WebAIM - Web Accessibility In Mind

E-mail List Archives

Re: Longdesc and PDF (was:HTML5 Image DescriptionExtension (longdesc) is Proposed Recommendation)

for

From: Chagnon | PubCom
Date: Dec 7, 2014 12:13PM


Thanks Olaf.
I agree with just about everything you said. (Wow, we've reached consensus
on something! grin)

Just to clarify: the US federal law about providing electronic versions of
all printed documents precedes Section 508 regulations. It was passed
sometime in the 1990s and was intended to provide electronic archival
versions of all published federal material. Essentially, the printed volumes
were deteriorating, and the original source files (word processing, desktop
publishing, etc.) were getting lost on a bazillion agency file servers.

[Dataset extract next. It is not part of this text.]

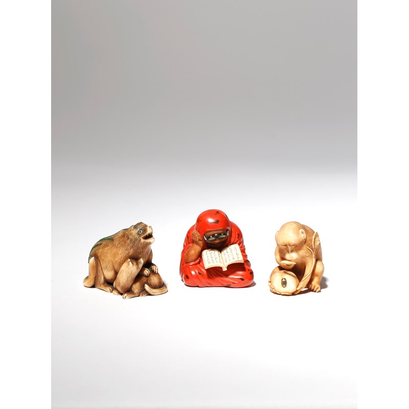 The first in lacquered wood and ivory and carved as Daruma, the Father of Zen Buddhism with spectacles and absorbed in the book opened before him; the second of a monkey examining a beetle on a persimmon with a magnifying glass, in ivory and with the insect inlaid, signed Shomin / Masatami in a rectangular reserve underneath; the third of a large tanuki with its young, with long grasses inlaid in stained ivory and horn to the back, signed Togyoku, 5cm max. (3)

So in that respect, that particular electronic version should match the
printed version, but I'm not a die-hard on this.

I have one concern that makes me hesitate about adding an appendix of
longdesc; in the sample I'm using (300+ pages with 100+ statistical charts)
it will add about 30-50 more pages to the printed document. My agencies
don't have the budget to cover those additional pages, so the idea has been
nixed by upper management. No additional money can be spent.

One option that has worked for some of these charts is to put a table with
the chart's data just below the graphical chart. This gives all readers,
disabled or not, access to the hard data and in a format that's navigable by
A.T. But again, that adds to the printed page count and therefore the cost
of printing and distributing.

XMP metadata might be the most efficient way to go, but heck, we don't even
have a predefined field for regular Alt-text, let alone longdesc!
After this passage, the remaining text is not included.